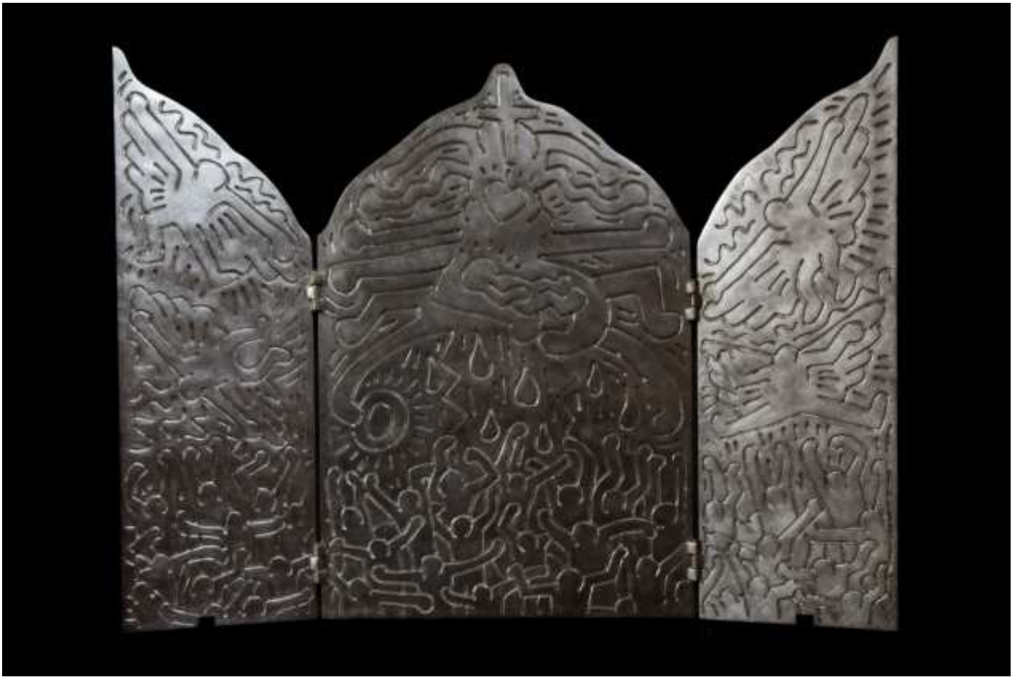
11- Keith Haring (1958-1990), La Vie du Christ (1990), triptyque en bronze recouvert d'or blanc, chapelle Saint-Vincent-de-Paul ( actuellement en travaux )
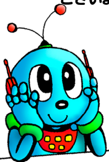
子ども科学館 イメージキャラクター「ピコ」
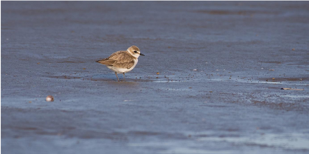
Seeregenpfeifer (Weibchen), Sønderho Strand, 29.05.2019

Eine Charakterart der Insel. Am Galgerev im Süden der Insel am 29.05. ein Paar im Watt. 1 weiteres Ind. am Abend am Sønderho Strand . Am 31.05. insgesamt drei Paare (zwei in den Primärdünen nördlich Nordby , ein weiteres auf dem Søren Jessen Sand ), davon eins bereits mit zwei wenige Tage alten pulli (den ersten auf Fanø festgestellten in 2019). Am 01.06. ein Männchen am Südstrand . 2 Ind. am 07.06. am Sønderho Strand .
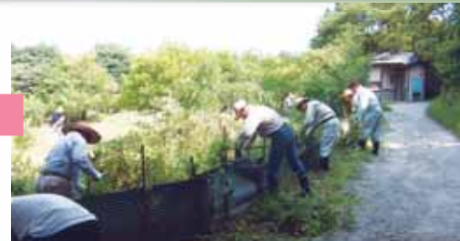
眺望の活用、森林とのふれあいの推進(大門ダム)
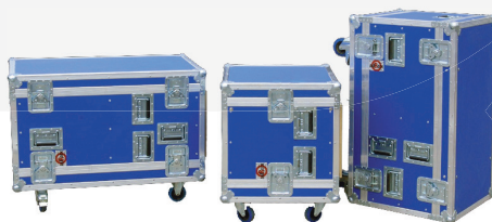
Weitere Flightcase Verteiler
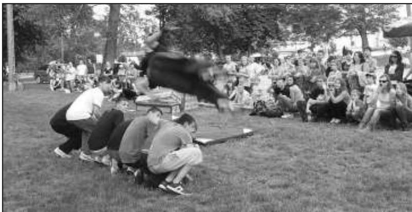
Street Art - parkour 3Run z Biskupca
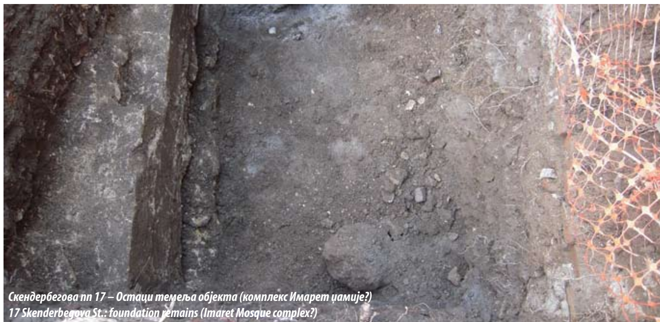
Скендербегова пп 17 – Остаци темеља објекта (комплекс Имарет џамије?) 17 Skenderbegova St.: foundation remains (Imaret Mosque complex?)
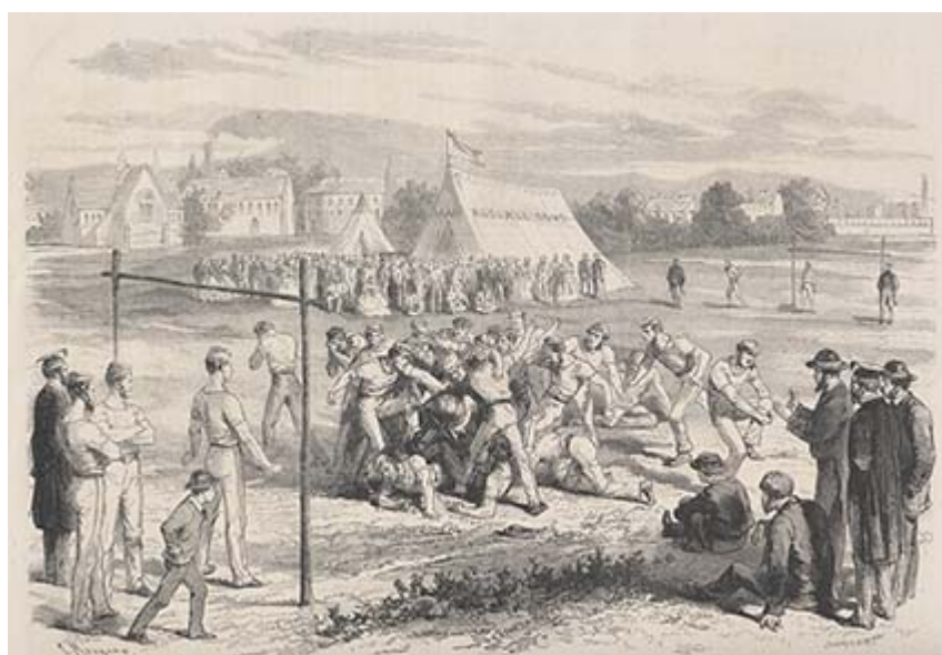
Figure n° 1 : Une partie de football, Le Monde Illustré , 14, décembre 1867.

L'une des premières représentations du football publiées en France. La gravure insiste sur le caractère violent du jeu combinant élément du football et du rugby.
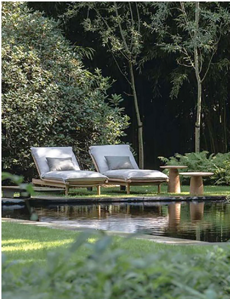
Ligbedden: 'Tibbo' van Dedon. Kussens: maatwerk van La Patronne. Bijzettafeltjes: 'Dunes' van Tribù.
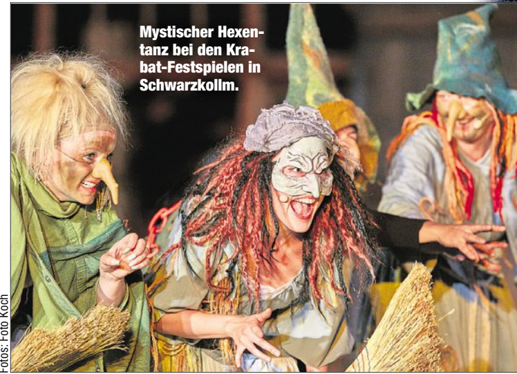
Mysterischer Hexentanz bei den Krabat-Festspielen in Schwarzkollm.

Der Kartenverkauf für die Krabat-Festspiele 2017 beginnt am 8. August. Schnell zugreifen: Die Karten für 2016 waren binnen zwei Tagen weg! KK
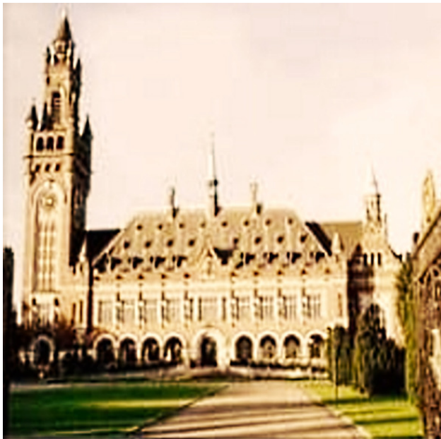
«Дворец Мира». Г. Гаага. Голландия.

Первая и главная цель конференции – сокращение вооружений и военных бюджетов или даже фиксирование их на уже сложившейся высоте – достигнута не была. Это было обусловлено исключительно позициями Германии и Франции. Позиция французской делегации на самой конференции вызвало у представителей Российской делегации далеко не однозначную реакцию. Один из главных участников
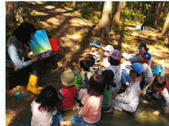
NPO法人 大杉谷自然学校(三重県)

※自然の生態系の保護を優先すべき地域や、学校・庁舎などの敷地における活動は対象外です。
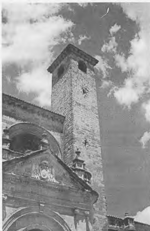
Detalle de una de las torres de la Catedral de Sigüenza.

La calle en trabajosa cuesta que me lleva a la catedral, está casi vacía, ya se han ido, por estas fechas, los veraneantes, y en este día cualquiera, los transeúntes son pocos. El pavimento de esta calle principal se ve alterado por los escudos, a todo color, de la ciudad y del Cardenal Mendoza, de D. Pedro González de Mendoza, obispo y benefactor de la ciudad; cuyo palacio, por cierto, se esta reconstruyendo y viene a cerrar una herida de la Guerra y la Plaza. Es un lejano palacio de tipo renacentista italiano, en donde, todavía se puede ver una torre lateral.
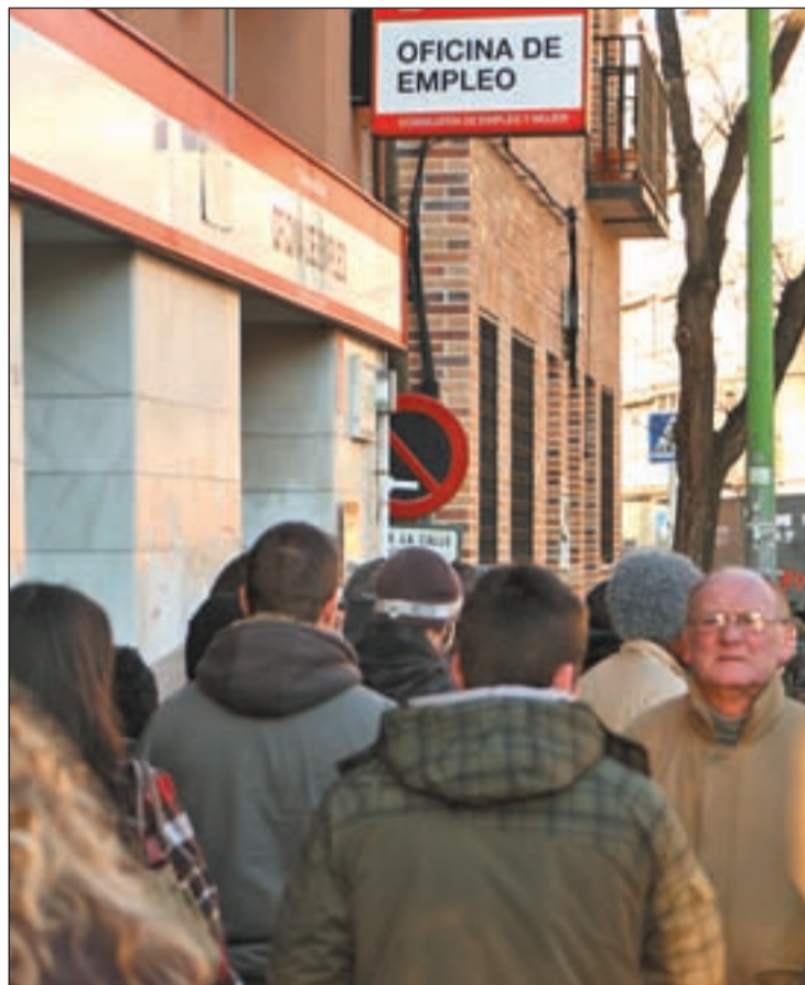
Una de las muchas e interminables colas de parados en el INEM

Todas estas cifras son más alarmantes, cuando se producen con una cantidad de perso-
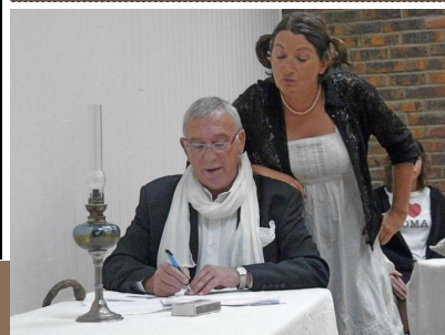
Photo d'un stage passé où deux acteurs en herbe (que vous reconnaîtrez peut-être) jouent avec brio « la peur des coups » de Courteline.

Dans le cadre de la Semaine de l'Environnement, la Société d'Archéologie et d'Histoire de Saint-Valery-sur-Somme, du Ponthieu et du Vimeu vous invite à la projection du film de Michel Quinejure « Baie des Songes » en présence du réalisateur. Baie des Songes est un portrait intime de la Baie de Somme. Entre souvenirs d'enfance, rencontres de hasard et quelques évocations personnelles en pellicule 9,5 et super 8, extraits de ses films de famille, Michel Quinejure nous emmène dans les dédales sinueux des rieux à marée basse ou à marée haute. Durée : 52'. Entrée gratuite.
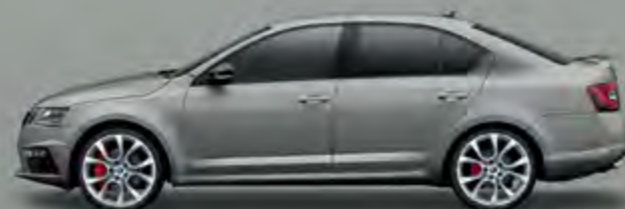
Steel Grey (M3M3)
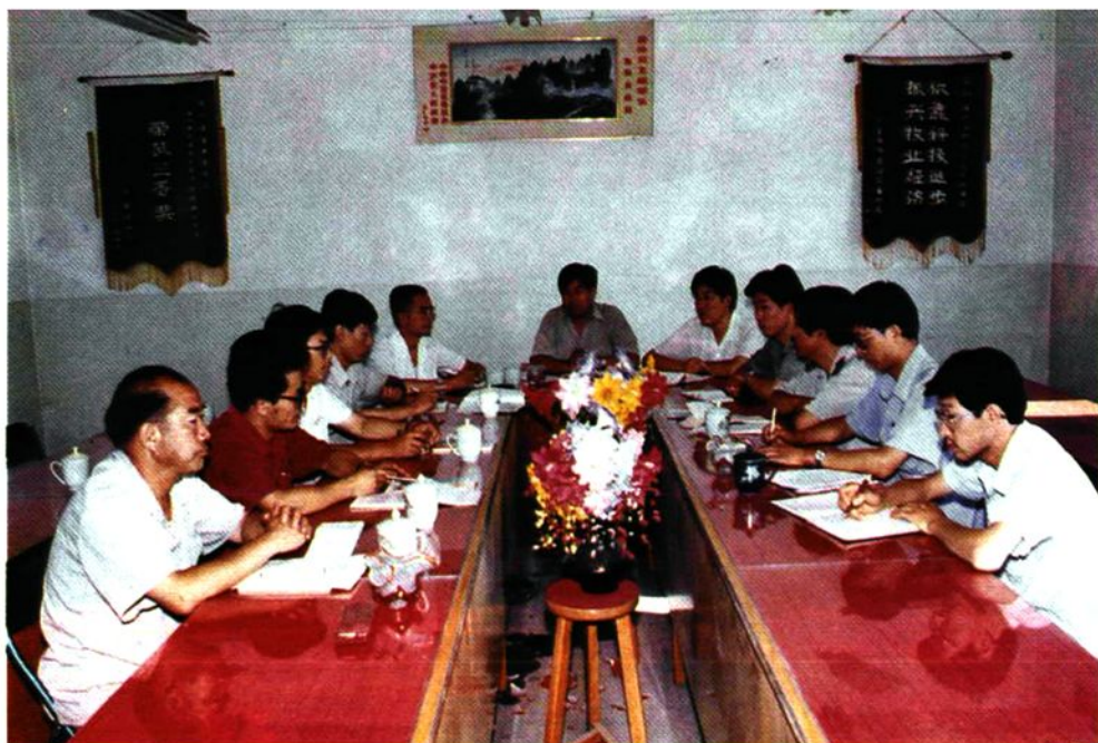
县畜牧食品局召开局站(场、司)负责人会议,专门研究出版《畜牧志》有关事宜。
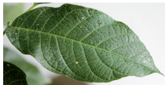
Foto 2. Mielecilla en hoja de nogal.
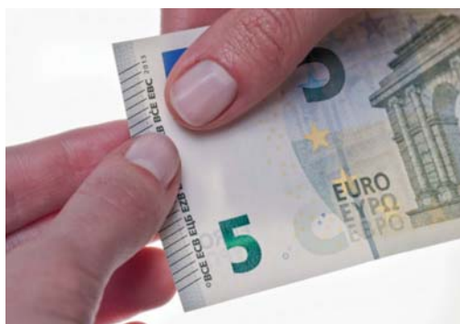
Obrázok 7 Vystupujúce krátke linky

Pri overovaní bankovky 5 € novej série hmatom overujeme viacero „hmatových“ vlastností eurobankovky.
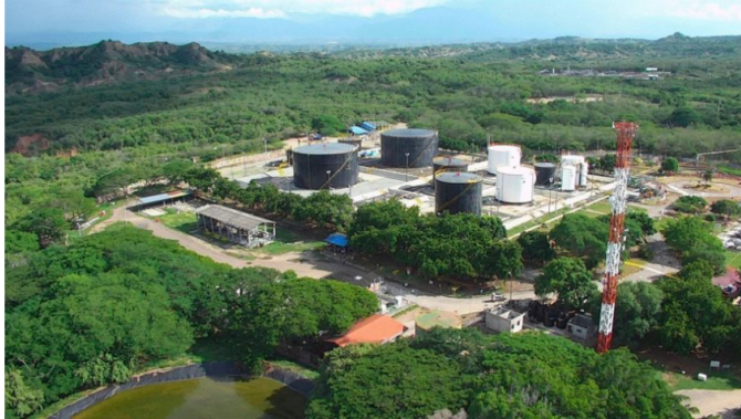
Campo petrolero Dina-Terciarios, ubicado en el municipio de Neiva, departamento del Huila.

En desarrollo de la estrategia 'Ecopetrol 2040: Energía que Transforma', el Grupo Ecopetrol anunció una inversión progresiva en los próximos seis años en el departamento del Huila hasta por 512 millones de dólares, para desarrollar el proyecto integrado de los campos Dina-Terciarios y Palogrande, ubicados en los municipios de Neiva y Aipe, de esa sección del país.
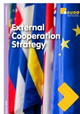
Obrázok č. 5: Stratégia v oblasti vonkajšej spolupráce EUAA na rok

V súlade so stratégiou vonkajšej spolupráce sú ďalšími prioritami rozvoj kapacít tretích krajín a posilnený obojstranný dialóg s občianskou spoločnosťou.
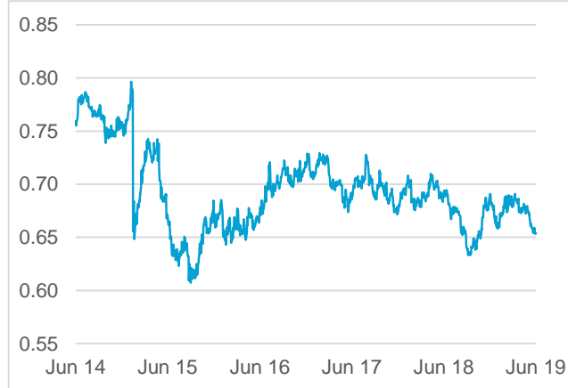
NZD / CHF
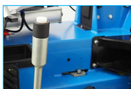
Zbijak sterowany przyciskiem

### [DIRECTIONS FOR THIS TASK]
Write out every line from the data above that includes "Strand".

### [TASK ANSWER]
Seeregenpfeifer (Weibchen), Sønderho Strand, 29.05.2019
Eine Charakterart der Insel. Am Galgerev im Süden der Insel am 29.05. ein Paar im Watt. 1 weiteres Ind. am Abend am Sønderho Strand . Am 31.05. insgesamt drei Paare (zwei in den Primärdünen nördlich Nordby , ein weiteres auf dem Søren Jessen Sand ), davon eins bereits mit zwei wenige Tage alten pulli (den ersten auf Fanø festgestellten in 2019). Am 01.06. ein Männchen am Südstrand . 2 Ind. am 07.06. am Sønderho Strand .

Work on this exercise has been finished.